A certain disease occurs in 4% of the population. A blood test for this disease shows a false positive 12% of the time. That means a test will show positive given that the person does not have the disease. What is the probability that a person tests positive but does not have the disease?
Note: The answer is 0.1152, but I don't know how they get it. Please help me and show the steps please. Thanks.
.12 times .96
false positive times % who don't have the disease.
To solve this problem, we can use Bayes' theorem. Bayes' theorem allows us to calculate the probability of an event, given some prior information.
Let's define the events:
A = person has the disease
B = person tests positive
We are given the following probabilities:
P(A) = 0.04 (probability of having the disease)
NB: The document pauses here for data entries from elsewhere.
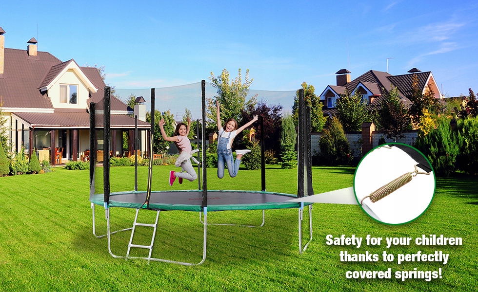 Защита на 360°: Этот защитный край шириной 32 см и толщиной 20 мм защищает вас от пружин при приземлении. Защита на 360° для неограниченного удовольствия во время прыжков на батуте. Вот и все!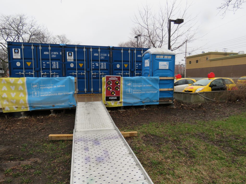 Depuis le mois de janvier, trois conteneurs bleus dissimulent des travaux au coin des rues Berri et Prieur Est sur le terrain adjacent à la rôtisserie St-Hubert. Toutefois, aucune information n’était disponible sur le site Web de la STM afin d’expliquer la nature des travaux qui s’y déroulaient.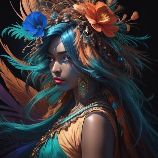 A striking portrait of a woman with peacock feathers in her bright blue hair. This hyperrealistic image features a soft, colorful glow, intricate textures, and refined details inspired by comic art.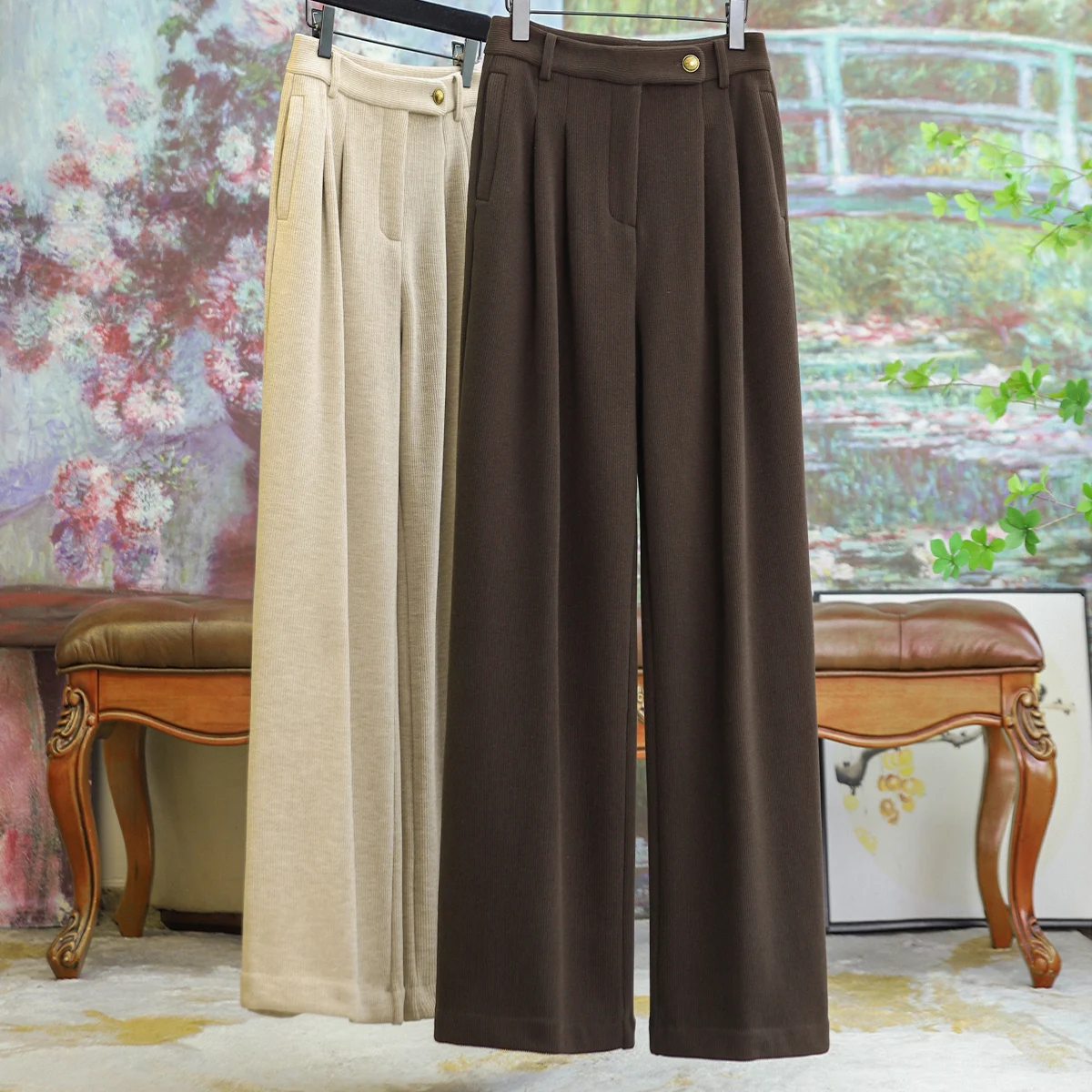 Брюки женские зимние с высокой талией и широкими штанинами, на осень и зиму

P(B|A') = 0.12 (probability of testing positive given that the person does not have the disease)
We want to find the probability of a person testing positive but not having the disease, represented as P(A'|B).
Using Bayes' theorem, we have:
P(A'|B) = (P(B|A') * P(A')) / P(B)
Now let's calculate each term:
1. P(B|A'): This is given as 0.12.
2. P(A'): This is the complement of P(A), which means 1 - P(A). Since P(A) is 0.04, P(A') = 1 - 0.04 = 0.96.
3. P(B): To calculate this, we need to consider the two possible situations: a person can test positive and actually have the disease (A and B), or a person can test positive without having the disease (A' and B).
P(B) = P(A and B) + P(A' and B)
P(A and B): This is the probability of having the disease multiplied by the probability of testing positive given that the person has the disease.
P(A and B) = P(A) * P(B|A) = 0.04 * 1 = 0.04
P(A' and B): This is the probability of not having the disease multiplied by the probability of testing positive given that the person does not have the disease.
P(A' and B) = P(A') * P(B|A') = 0.96 * 0.12 = 0.1152
Now we can calculate P(B):
P(B) = P(A and B) + P(A' and B) = 0.04 + 0.1152 = 0.1552
Finally, we can substitute these values into the formula for P(A'|B):
P(A'|B) = (P(B|A') * P(A')) / P(B) = (0.12 * 0.96) / 0.1552 = 0.1152
Therefore, the probability that a person tests positive but does not have the disease is 0.1152.